I bet when my father was asked to explain the 1950s how he could afford the house he had just bought, CJH who was also buying a house that didn’t match his income wasn’t asked the same question. I bet my father was the exception who didn’t pull a stunt to avoid being a higher tax payer in the mid 80s as he happened to be £1 above the upper tax limit – he paid the extra tax. More fool him so many would say.
He isn’t perfect of course he wore some shocking golf jumpers in his time and can kill a Nat King Cole song dead in its tracks if he has a mind to.

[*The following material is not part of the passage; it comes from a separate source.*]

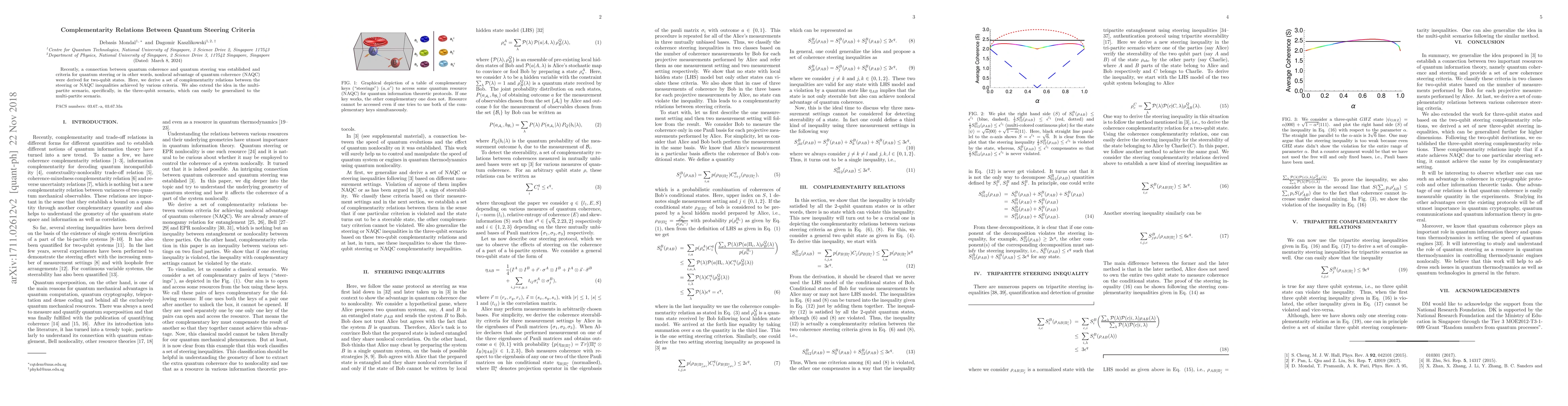 This paper establishes complementarity relations between different quantum steering criteria, specifically for two-qubit states, and extends the findings to a three-qubit scenario, with potential generalization to multi-partite systems. The study highlights the nonlocal advantage of quantum coherence in steering.

When the election comes, we are facing a game changer choice – I would argue even more important than the 1918 or 1932 elections – and time will tell if the penny has finally dropped with Irish people and their attitude to deference to authority has really changed and if they have learnt anything from the horrific revelations over the last few years and the consequences of how they vote.
So I think asking a TD and Senator and MEP and Councillor ot provide and publish receipts for every cent they claim is a small step in the right direction.